Naomi WOOD, Mrs Hemingway, Editions Quai Voltaire, 2017

    Roman
Biographie en creux de l’écrivain/journaliste et correspondant de guerre Ernest Miller Hemingway (1899-1961), Bronze Star (1947), Prix Pulitzer de la fiction (1953, Le vieil homme et la mer) et Prix Nobel de Littérature (1954)

Portrait en creux d’Hemingway à partir du point de non retour de chacun de ses 4 mariages

  1. Elizabeth Hadley Richardson (1891-1979) et son infinie tendresse
  2. Pauline Marie Pfeiffer (1895-1951), la plus courageuse
  3. Martha Ellis Gellhorn (1908-1998), la plus indépendante
  4. Mary Welsh Hemingway (1908-1986),

Mon avis : Hemingway, une conception kantienne de l’amour ?

Pas moins de 3 bourses (dont une de recherche doctorale) et une résidence d’écrivain ont été nécessaire pour écrire ce livre, portrait d’une génération perdue (entre ivresse permanente et immoralité), déroulement de la psychologie masculine (En avoir ou pas) et de son impuissance à comprendre la psyché féminine, vie intérieure marquée par la tragédie (suicide de son père, dépression) ou encore quête insensée du bonheur  …

Il existe 5 conception du mariage

  1. sacramentelle (dimension mystique) : préfiguration du lien unissant l’Homme et le Créateur à la suite du jugement dernier
  2. séculière (laïque)
  3. moralisatrice : régulateur des pulsions
  4. pragmatique/agnostique : c’est un simple contrat
  5. individualiste/opportuniste : oui aux avantages, non aux inconvénients

Or, selon Kant, «le mariage est la possession réciproque des organes sexuels du conjoint» (Métaphysique des mœurs, 1797). Le mariage serait donc l’acte par lequel deux personnes s’accordent la propriété réciproque de leurs organes sexuels. Une définition qui souligne

  • la dimension révolutionnaire du mariage : là où il y avait domination unilatérale, il rétablit de l’égalité et de la réciprocité (je me donne à autrui, je m’offre à son pouvoir, au risque de me voir réduit au rang d’homme-objet ou de femme-objet…)
  • la transformation de la jouissance charnelle en expérience morale (instauration entre les époux un « rapport d’égalité dans la possession ») : autrui n’est plus
    • un moyen mais une fin,
    • un objet que l’on détient mais un sujet que l’on respecte (« L’usage naturel qu’un sexe fait des organes sexuels de l’autre est une jouissance pour laquelle chacune des deux parties se donne à l’autre, note Kant. Dans cet acte, un être humain fait de lui-même une chose, ce qui entre en contradiction avec le droit de l’humanité dans sa propre personne. Cela n’est possible qu’a l’unique condition que, quand une personne acquise par l’autre comme chose, elle fasse en retour l’acquisition réciproque de cette dernière ; car ainsi elle se reconquiert elle-même et rétablit sa dimension de personne. »)

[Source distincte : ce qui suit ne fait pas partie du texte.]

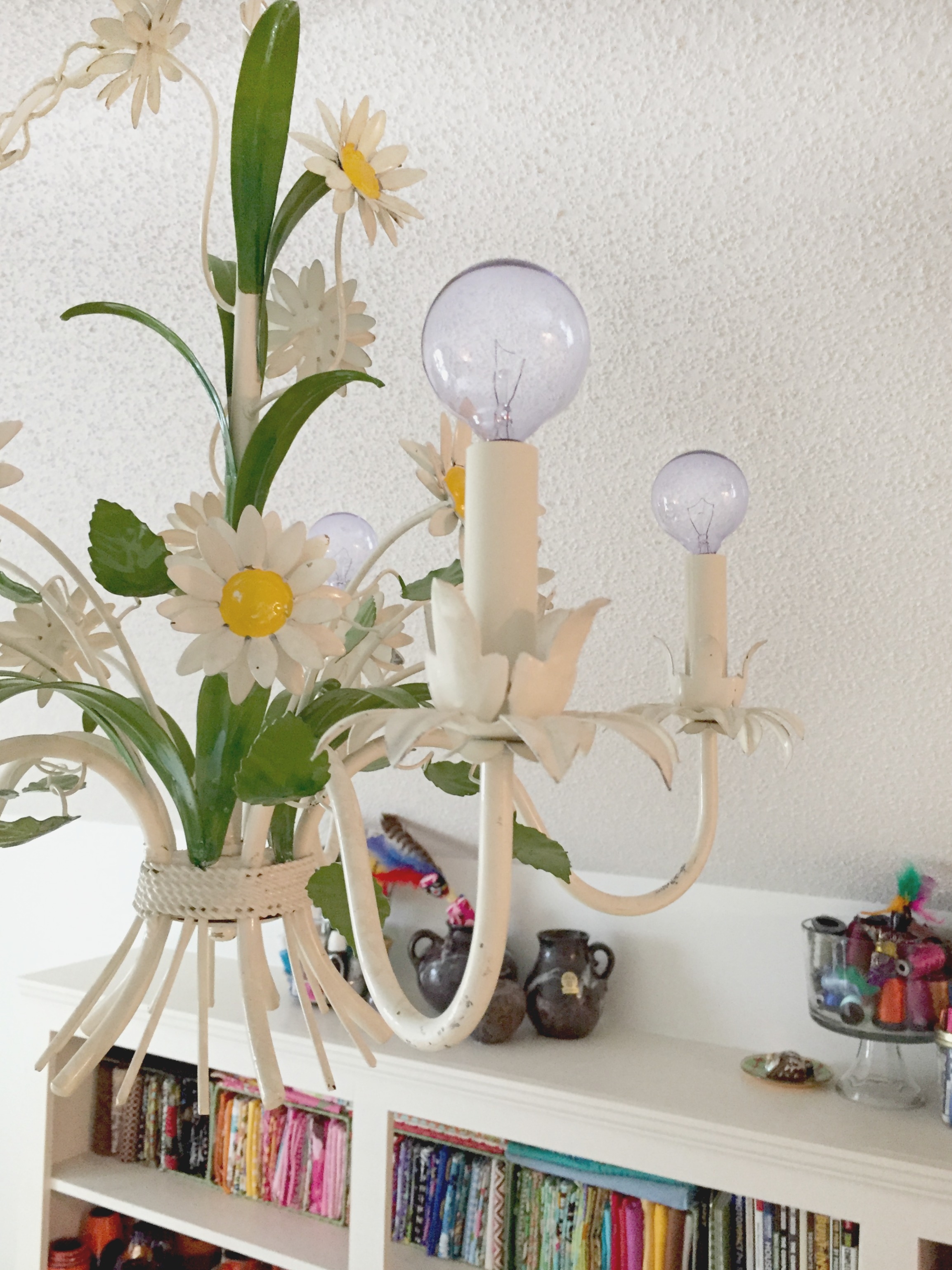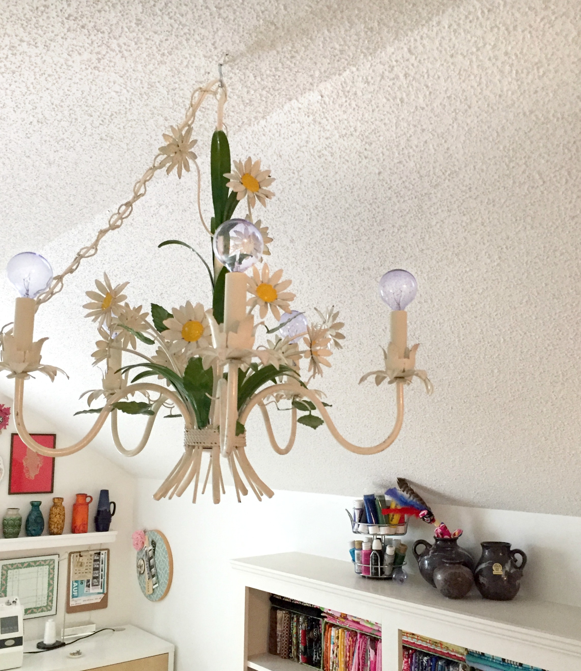 I found this super cute daisy chandelier at a local antique shop for $89 and with a little work I got it working perfectly in this space. I even decided that since my cutting table could travel so could my lighting. I added a two different hooks so I can move the light as needed so no one hits their head when the table moves. Since the ceiling are low this is easily done without even needing a step-ladder.
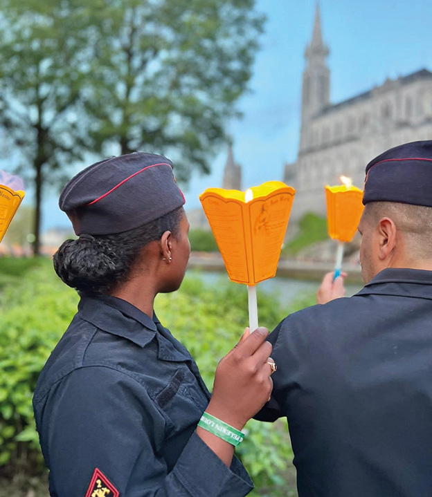 Ils vivent ce pèlerinage à Lourdes comme un temps de pause, de réflexion et de convivialité avec les autres militaires de France et d’ailleurs. Pour d’autres, c’est parfois l’occasion de redécouvrir la foi de leur enfance ou de leur jeunesse : les temps de prière, chapelet, les passages à la grotte, processions ou messes les touchent parfois profondément au point que, chaque année, après le pèlerinage, certains renouent avec la foi et la pratique religieuse. Ils demandent alors à préparer leur première communion ou la confirmation, ou se mettent « en règle » avec l’Église.
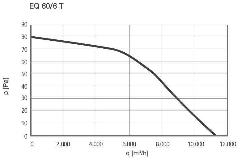 EQ 60/6 T - 400V-50/60Hz, Axialer Wandventilator, mit quadratischer Düsenwandplatte, Stahl verzinkt, Zweischicht- Korrosionsschutzlackierung, Farbe schwarz, NW 600 mm, 400 V~50-60 Hz, dreiphasig, 6-polig, max. 510 W, max. 11.200 m³/h, max. 1,3 A, max. 80 Pa, max. 900 U/min., LP max. 65 dB(A) -2m, Schutzart IP54, Schutzklasse I, 1 Stufe, max. Temp. + 55 °C, Außenläufermotor, kugelgelagert, drehzahlregelbar, reversierbar, Thermokontakt- Anschlüsse

Selon Emmanuel Kant, le mariage devient dès lors un outil de résistance et de dignité pour les plus vulnérables. Aux femmes, aux hommes qui vivent la relation sexuelle comme un rapport de force, il donne cet espoir : face à ceux qui traitent leur semblable comme un moyen parce qu’ils en ont, eux, les moyens, le contrat matrimonial permet de se faire respecter, au moins un minimum. Par la grâce du mariage, les dominés peuvent posséder les dominants à l’instant même de s’offrir à eux.

Reste qu’à la toute fin, on ne peut que se demander si le bonheur se trouverait dans le renoncement …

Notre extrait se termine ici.